— DATA PROVIDED —
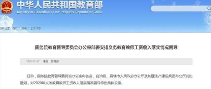 国务院教育督导办在教育部网站发布通知:2020年把义务教育教师平均工资收入水平不低于当地公务员作为督导检查重点。
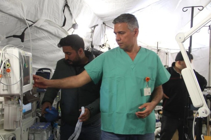Depremde annesi ve babasını kaybeden Koyuncu “Anestezi profesörüyüm. Ben Antakyalıyım. Zaten buraların çocuğuyum. Memleketimi bırakmadım, bırakmam. Sağ olsun, rektör hocamız da öyle. Ben de annemi babamı kaybettim. Ama buna rağmen ağlaya ağlaya çalıştım, çalışırız biz” diye konuştu.
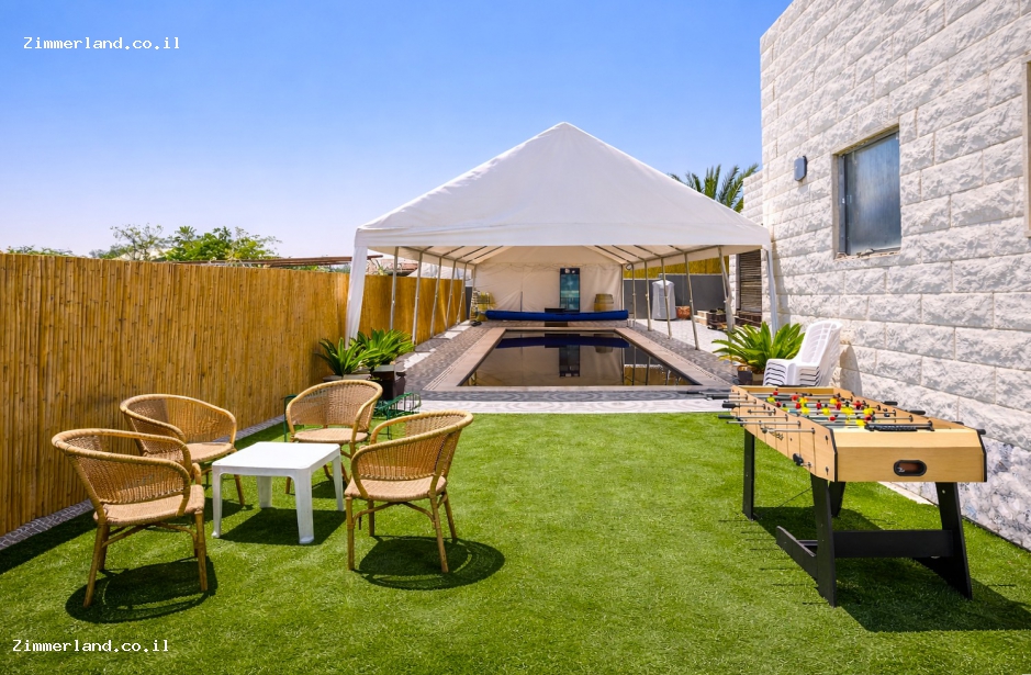 במתחם יש 7 יחידות נופש מרווחות ומאובזרות לעילא וחצר גדולה ומטופחת עם בריכת שחייה גדולה – מחוממת בחורף.
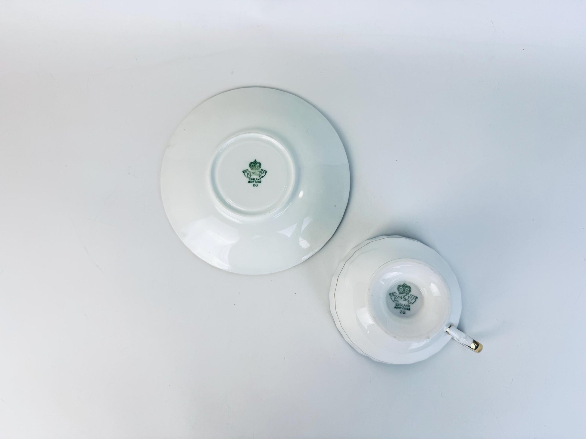 Fondée en 1775, Aynsley est rapidement devenue un leader de la porcelaine anglaise fine, admirée pour sa clarté et son savoir-faire artisanal. Dans les années 1950, les motifs floraux turquoise vibrants de la marque reflétaient le goût de l'après-guerre pour les couleurs vives associées à des motifs botaniques intemporels.

— WORK REQUIRED —
Any picture in the listing is to be omitted. Return exactly the lines from the one containing "Depremde annesi ve" through its last line, both included, and only those.

— WRITTEN REPLY —
Depremde annesi ve babasını kaybeden Koyuncu “Anestezi profesörüyüm. Ben Antakyalıyım. Zaten buraların çocuğuyum. Memleketimi bırakmadım, bırakmam. Sağ olsun, rektör hocamız da öyle. Ben de annemi babamı kaybettim. Ama buna rağmen ağlaya ağlaya çalıştım, çalışırız biz” diye konuştu.
 במתחם יש 7 יחידות נופש מרווחות ומאובזרות לעילא וחצר גדולה ומטופחת עם בריכת שחייה גדולה – מחוממת בחורף.
 Fondée en 1775, Aynsley est rapidement devenue un leader de la porcelaine anglaise fine, admirée pour sa clarté et son savoir-faire artisanal. Dans les années 1950, les motifs floraux turquoise vibrants de la marque reflétaient le goût de l'après-guerre pour les couleurs vives associées à des motifs botaniques intemporels.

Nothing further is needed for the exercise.